Let me tell you that I had to use every last ounce of willpower to not give Herman a few good swift kicks to the backside while he was down.  Oh, how I wanted to lay into him.  I'm telling you, if OhioFarmGirl lived anywhere near me I would have invited her over for tea and biscuits and we would have had ringside seats when she released The Dog Horde on Herman's tied-up ass and I would have been grinning from ear to ear as the flesh was torn from his body in a blur of bright white gnashing and crushing canine teeth.  I'd be standing up and cheering on her Fighting Uruk-Hai as the blood from my most hated goat spattered across my face.  I'd wipe the still warm and sticky blood from my cheek and taste the iron-rich victory on my tongue.

Wow.  Got a little carried away there.  Uh hugh.  Anyways........where was I?

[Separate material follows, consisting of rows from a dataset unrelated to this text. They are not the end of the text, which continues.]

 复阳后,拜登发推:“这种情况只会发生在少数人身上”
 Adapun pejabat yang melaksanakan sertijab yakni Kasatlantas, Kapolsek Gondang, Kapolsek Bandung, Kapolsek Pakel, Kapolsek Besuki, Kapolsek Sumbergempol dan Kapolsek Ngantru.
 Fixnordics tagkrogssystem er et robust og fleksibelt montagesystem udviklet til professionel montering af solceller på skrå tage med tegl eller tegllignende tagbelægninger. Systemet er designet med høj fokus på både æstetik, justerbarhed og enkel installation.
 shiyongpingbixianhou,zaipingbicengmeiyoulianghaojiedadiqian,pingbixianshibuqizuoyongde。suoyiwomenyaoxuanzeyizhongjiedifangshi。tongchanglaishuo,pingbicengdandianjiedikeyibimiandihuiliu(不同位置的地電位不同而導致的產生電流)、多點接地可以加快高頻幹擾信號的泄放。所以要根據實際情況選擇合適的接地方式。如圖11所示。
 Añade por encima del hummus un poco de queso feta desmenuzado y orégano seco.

Oh.  Paul had Herman tied up and on his side.  I sat on top of the asshole (the goat, not Paul) and grabbed his beard (the goat's, not Paul's) to keep his head still while he wrapped the pipe over his horns.  I'd be lying if I said I didn't purposely put all my weight on Herman (maybe even bouncing once or twice for the full "Ooomph" effect coming out of dickheadgoat's lungs).  I'd also be lying if I said that I didn't feel sorry for Herman.  For an eighth of a second.  Because as soon as I did feel a pang of pity for the peckerhead, he started whipping his head around to BITE us.  Yes.  He was trying to bite us now.  Eventually we ran out of duct tape on the roll and had to make our way out of the pen.  Paul untied Herman's feet while I was still on top of him (which, now that I think about it, probably wasn't the best of ideas) and on the count of  "Three!" I jumped off and ran for the gate, leaving Paul behind to fend for himself (serves him right, why exactly, was it ME on top of the goat in the first place???)

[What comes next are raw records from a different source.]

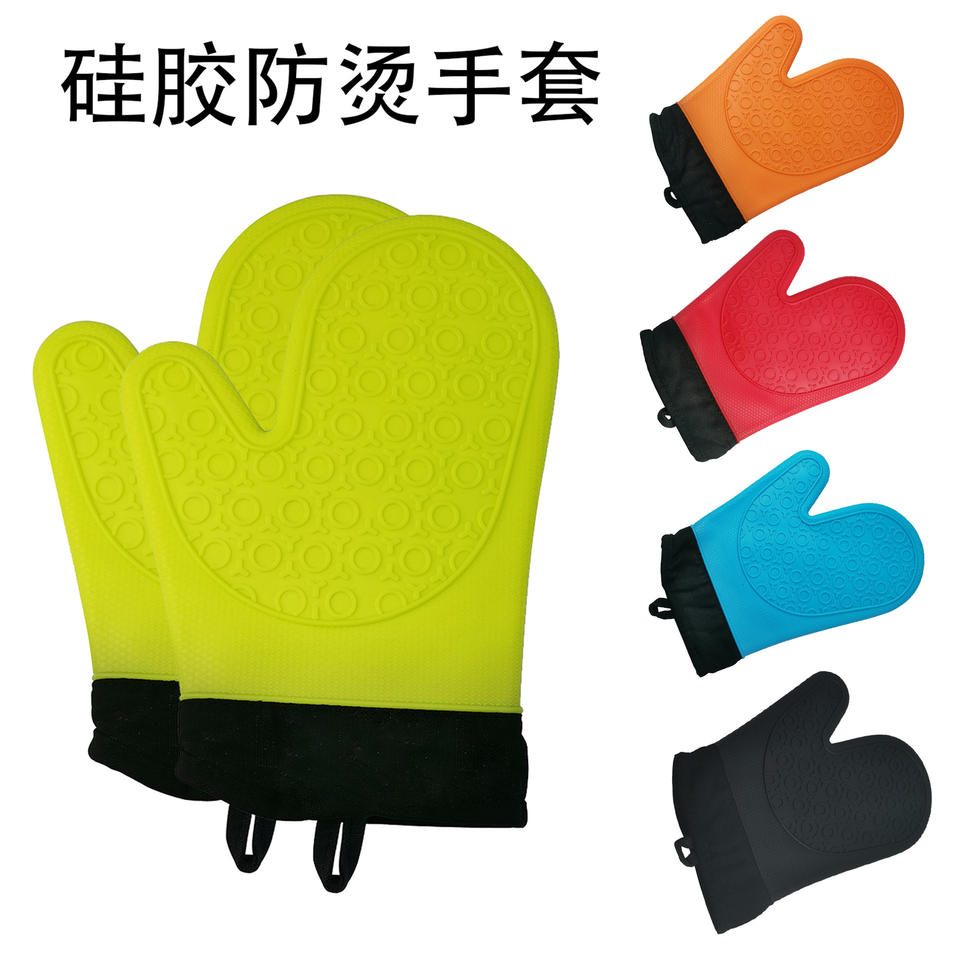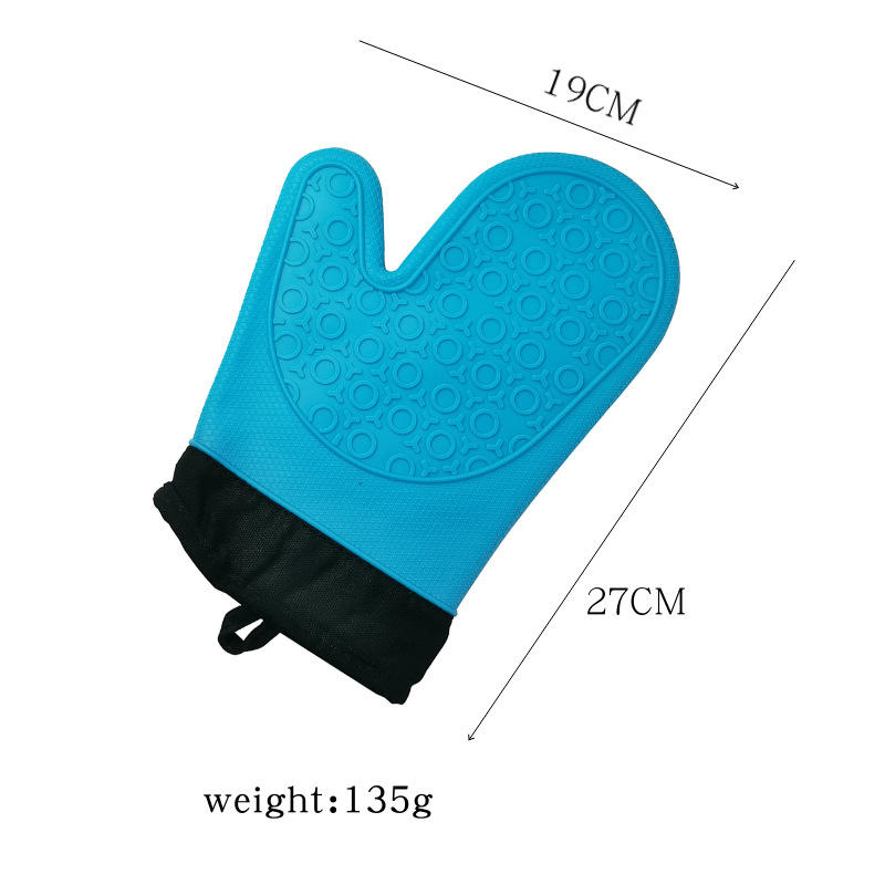 Silicone Oven Mitt Heat Resistant Blue 27cm Cotton Lining Thickened Gloves For Kitchen Use
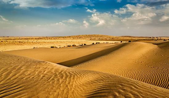 | थार रेगिस्तान (रेगिस्तानी जिले) | जैसलमेर, बाड़मेर, बीकानेर और जोधपुर (थार रेगिस्तान या ग्रेट भारतीय रेगिस्तान राजस्थान के कुल भूभाग का लगभग 70% हिस्सा है और इसलिए इसे "भारत के रेगिस्तानी राज्य" के रूप में पहचाना जाता है।) |
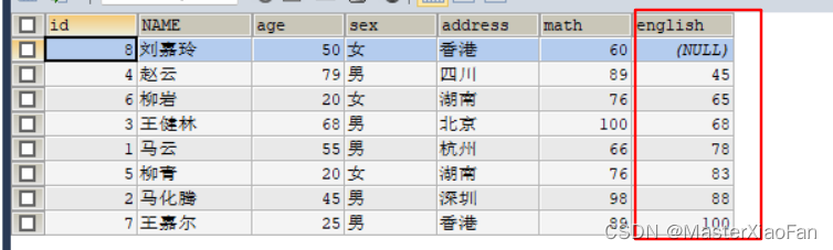 ORDER BY english ASC ;结果显示:
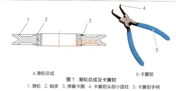 工程机械的滑轮总成由滑轮、轴承、弹簧卡圈等组成,如图1a所示。轴承镶嵌于滑轮内孔中,弹簧卡圈安装在轴承外圈两侧的凹槽内,其中弹簧卡圈为弹簧钢制成,其作用是防止轴承从滑轮1上脱落。弹簧卡圈为开口圆环,其开口两端各有一个小圆孔,用于安装时撑开弹簧卡圈。
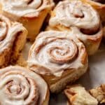Store leftover rolls in an airtight container at room temperature for up to 2 days or refrigerate for up to 5 days. Reheat gently in the microwave or a warm oven to soften the frosting before serving.

Once we were out and Herman was up, he immediately started rearing and taking his frustrations out on the nearest tree.  He also started trying to rub the headgear off so gawd only knows if it's still on him now.  I hope so, because I am not looking forward to doing this again anytime soon.

I will, however, enjoy NOT having to get his stupid head out of the fence in the middle of the freezing night.